In this exercise, print only the lines of the records below from the one with "林益世与妻子彭爱佳进入台北地院法庭(图片来源:台湾今日新闻网)" through the one with "Location, location location", inclusive. Pictures are not part of the copy.

- **Supplied information**
= Beginning of Section =
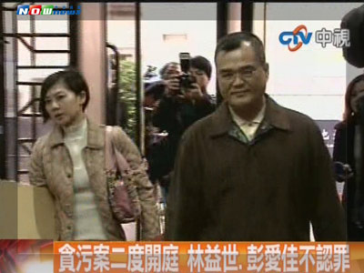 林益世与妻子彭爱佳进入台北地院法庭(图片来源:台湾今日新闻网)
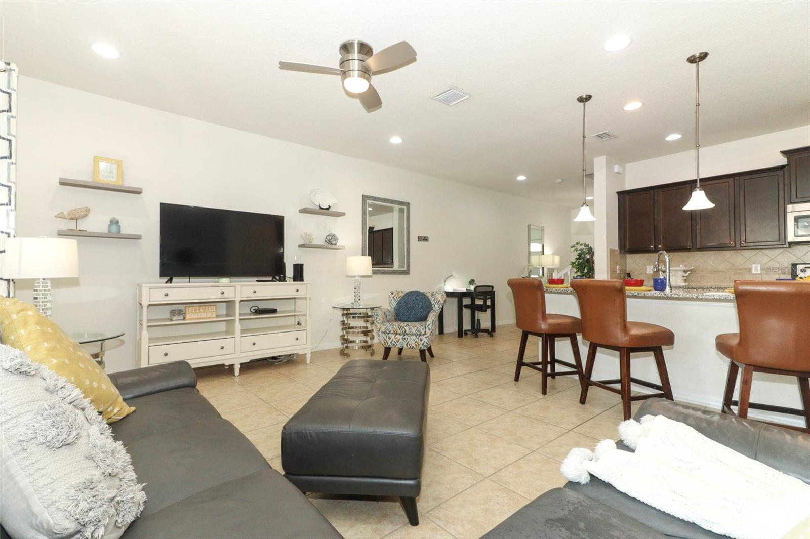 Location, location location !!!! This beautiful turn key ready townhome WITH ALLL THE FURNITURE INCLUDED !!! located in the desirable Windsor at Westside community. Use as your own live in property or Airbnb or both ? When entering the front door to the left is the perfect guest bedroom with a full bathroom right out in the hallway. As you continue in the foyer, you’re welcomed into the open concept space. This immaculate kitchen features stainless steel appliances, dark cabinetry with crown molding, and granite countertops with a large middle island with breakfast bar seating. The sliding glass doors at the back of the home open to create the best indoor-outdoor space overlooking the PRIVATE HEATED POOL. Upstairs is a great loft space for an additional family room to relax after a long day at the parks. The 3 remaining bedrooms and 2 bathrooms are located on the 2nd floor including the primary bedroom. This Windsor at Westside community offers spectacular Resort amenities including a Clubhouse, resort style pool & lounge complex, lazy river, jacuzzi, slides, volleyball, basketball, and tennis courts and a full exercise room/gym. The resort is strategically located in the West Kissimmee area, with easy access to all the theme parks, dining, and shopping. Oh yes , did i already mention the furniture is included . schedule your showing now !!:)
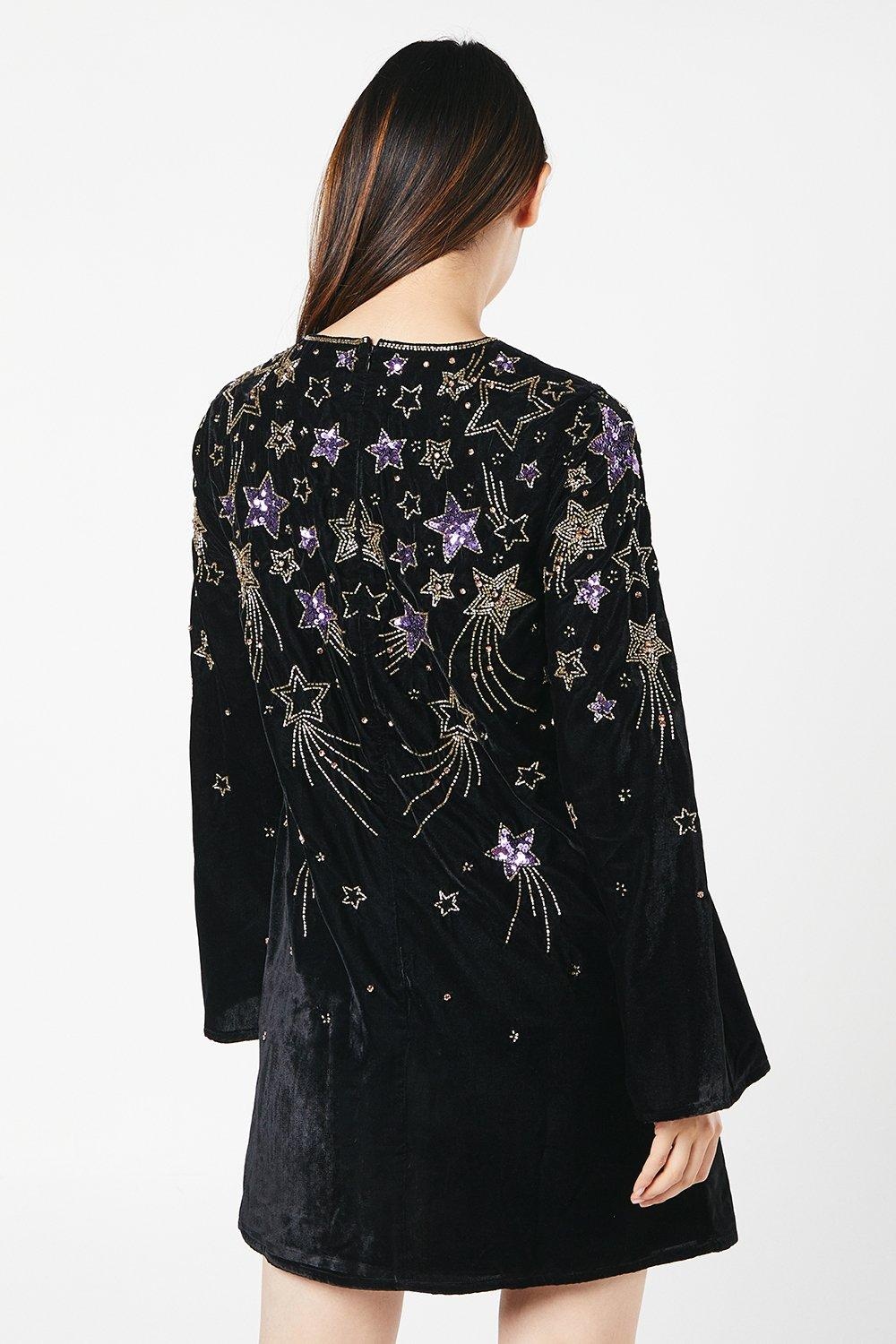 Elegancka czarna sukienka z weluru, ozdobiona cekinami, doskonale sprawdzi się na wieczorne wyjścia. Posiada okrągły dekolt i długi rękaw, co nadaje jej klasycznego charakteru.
= End of Section =
= Beginning of Section =
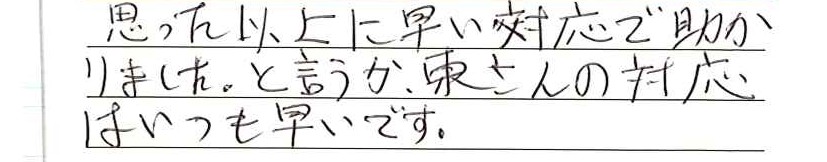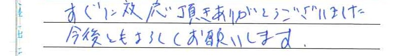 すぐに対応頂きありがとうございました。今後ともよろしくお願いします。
= End of Section =
- **Reply to the task**
 林益世与妻子彭爱佳进入台北地院法庭(图片来源:台湾今日新闻网)
 Location, location location !!!! This beautiful turn key ready townhome WITH ALLL THE FURNITURE INCLUDED !!! located in the desirable Windsor at Westside community. Use as your own live in property or Airbnb or both ? When entering the front door to the left is the perfect guest bedroom with a full bathroom right out in the hallway. As you continue in the foyer, you’re welcomed into the open concept space. This immaculate kitchen features stainless steel appliances, dark cabinetry with crown molding, and granite countertops with a large middle island with breakfast bar seating. The sliding glass doors at the back of the home open to create the best indoor-outdoor space overlooking the PRIVATE HEATED POOL. Upstairs is a great loft space for an additional family room to relax after a long day at the parks. The 3 remaining bedrooms and 2 bathrooms are located on the 2nd floor including the primary bedroom. This Windsor at Westside community offers spectacular Resort amenities including a Clubhouse, resort style pool & lounge complex, lazy river, jacuzzi, slides, volleyball, basketball, and tennis courts and a full exercise room/gym. The resort is strategically located in the West Kissimmee area, with easy access to all the theme parks, dining, and shopping. Oh yes , did i already mention the furniture is included . schedule your showing now !!:)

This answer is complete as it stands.